This morning I joined Anil on a guided tour of Andover High School. He pointed out key parts of the electric and heating framework for the building. Starting with the main power switch and working down to the sub-panels distributed throughout the school it became easier to visualize the tree structure of the circuitry. It also became appart how challenging it is to navigate the electrical map, so it’s good that the other team(s) are working on improving this.
Later on Anil will show me more about the structure of the building’s heating and ventilation system. Also soon he will be providing our team with more data samples which will be really helpful for branching out our expectations for power usage, and it will allow us to test the usefulness of what has been done so far.
Back to the code
I moved the work from yesterday into a function and tweaked some labels:
""" adjust_sample: Series *int --> Series returns an adjusted version of the data that approximately follows the energize fitted lognormal distribution Buffer count (for setting the quantiles) defaults to 1 on each side (to take the place of the 0th and 100th percentiles) and can optionally be changed """ def adjust_sample(series, buffer=1): fit_params = lognorm_params(series) s_sorted = series.sort_values() q_step = 1/(series.size+2*buffer-1) q_array = np.linspace(buffer*q_step, 1-buffer*q_step, series.size) quantiles=pd.Series(q_array, s_sorted.index).sort_index() return pd.Series(stats.lognorm.ppf(quantiles,*fit_params), quantiles.index)
I’ve been playing around with this and have found some areas where it succeeds, and plenty of areas where it has some trouble.
Here’s a few subplots of the adjustments running on subsets of the weekend data:
The Lighting plot looks good and shows a solid 6.85% improvement. The Main and Plug load show a nice improvement but it’s questionable how realistic the fit is. The Gym plot is a different story. The fit is not able to keep up with the crazy looking data sample. The histogram looks just as raggedy as the KDE suggests. I think the model makes a decent effort, but by smoothing out all the spikes in the data it ends up using more energy that the sample did. To be fair, the data is more of a problem here than the model is.

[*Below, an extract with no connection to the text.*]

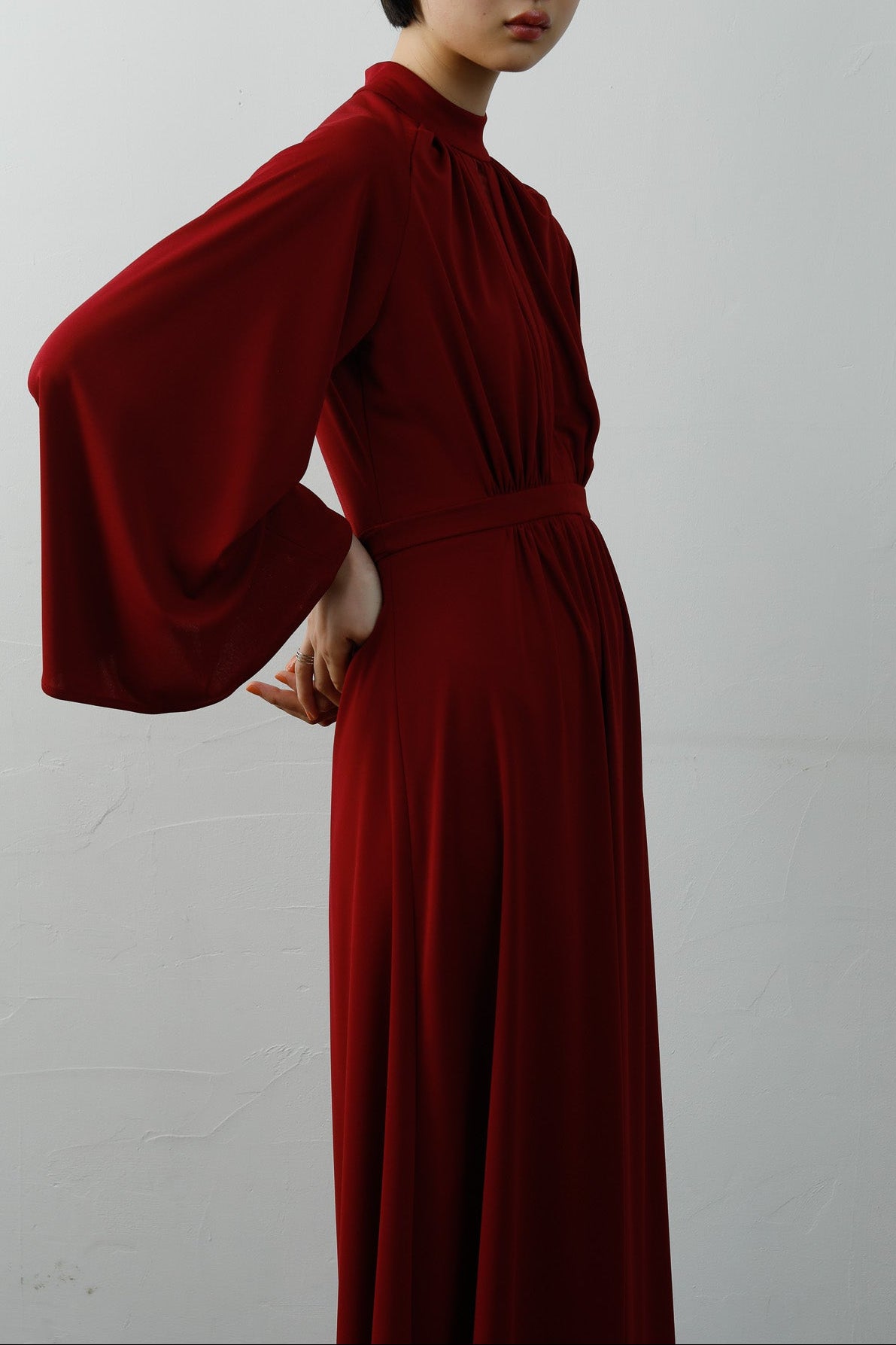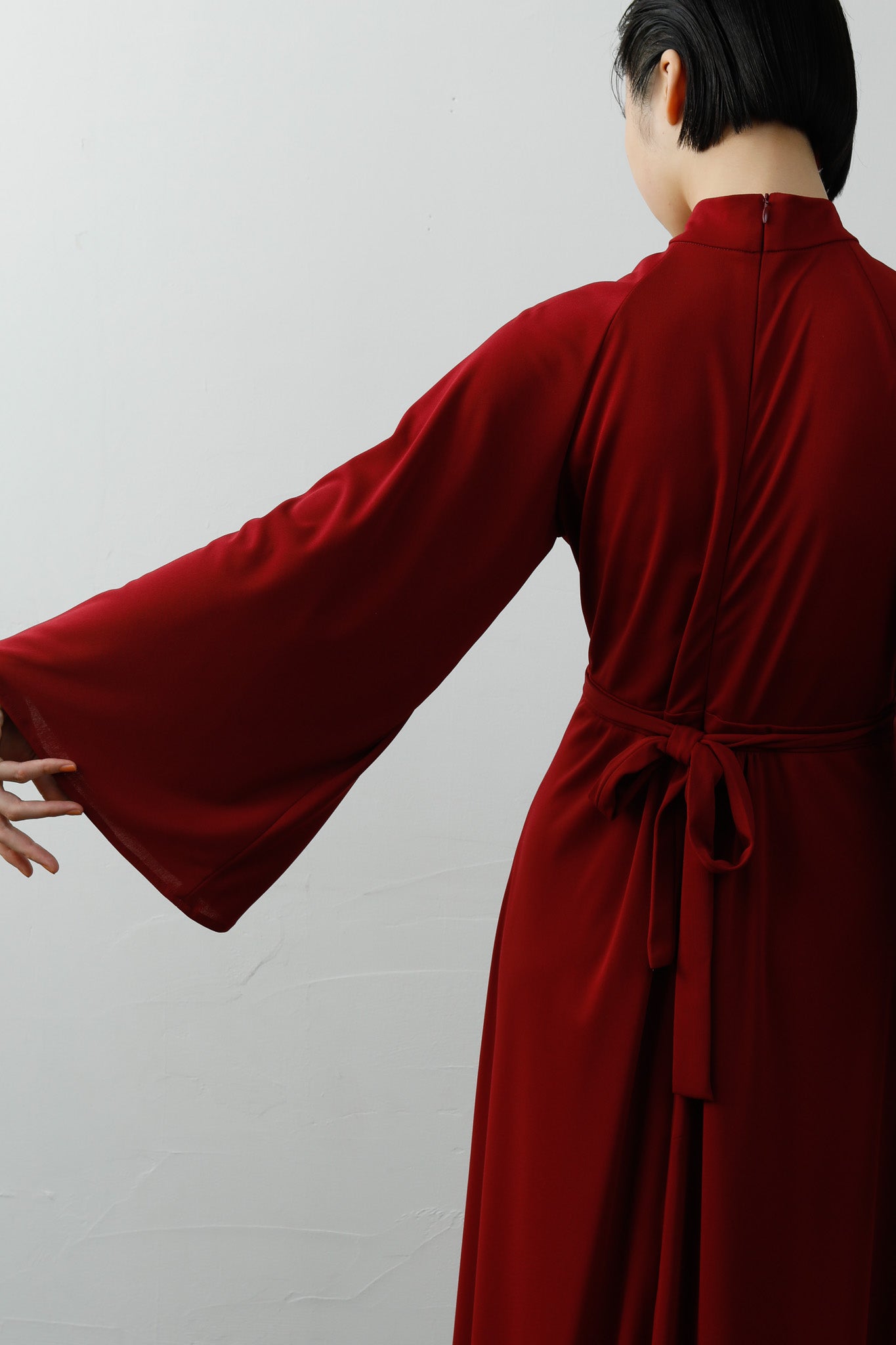 こちらは70年代ロンドンヴィンテージから着想を得たMoujikドレス。ハイネックのデザインでその周りにスリットがさりげなく入っています。深みのあるボルドーカラーはクラシックでエレガントな印象に。(※色違いでブラックもございます。)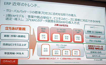 最近のERP市場のトレンドとして、2層ERPモデルが広がってきている。本社のコアなERPはグローバルスタンダードなオンプレミス型ERPを引き続き使用し、拠点単位の活動や新しい事業を支えるERPにはコストと柔軟性に優れるクラウド型を採用して、コアのERPとのデータ連携を図るというもの。ただ、クラウド型をさみだれ式に導入した結果、コアのERPとのデータ連携がうまくいかないケースも散見されるという。「Oracle ERP Cloud」は、オンプレミスもクラウドもすべて単一のリポジトリにデータが格納されるため連携が容易であり、あらゆる角度からのデータ分析も可能。今後、“POCO”(The Power of Cloud by Oracle)をキャッチフレーズに、同社のクラウドソリューションの価値の浸透を図っていくとしている。

The night data doesn’t look too bad:
But the summer data is a nightmare:
Again, the problem is really with the data itself. We’re assuming a log-normal distribution, and the summer samples don’t seem to be following any sort of traditional distribution. Why the erratic data?
Either there really is some ridiculous randomness going on in the data, or there are underlying variables causing the distortion of the distribution. I’m thinking that for this reason the Poisson regression method will allow us to better refine our distributions to rule out as many variables as possible.
But for samples that do follow a relatively lognormal distribution, this seems to be doing a good job of filtering out the abnormalities and yielding reasonable savings values.
You may notice that the blue adjusted KDE doesn’t always follow the the purple fitted distribution. It even looks like the adjusted value distribution extends below 0 kW in some subplots. I looked into it, and it’s an issue with the way a KDE plot is calculated. if you plot the histogram it follows the model more closely.
Random side note: while I was tweaking the buffer value, I realized it may be easier to let the user specify a buffer percentage rather than count? (e.g. a buffer that excludes 2% of the model values on either tail). Note that depending on the sample size this may cause issues with the fit of the adjusted sample.
Tomorrow I’ll be meeting with the group and Anil so we can reconvene and get some more data to work with.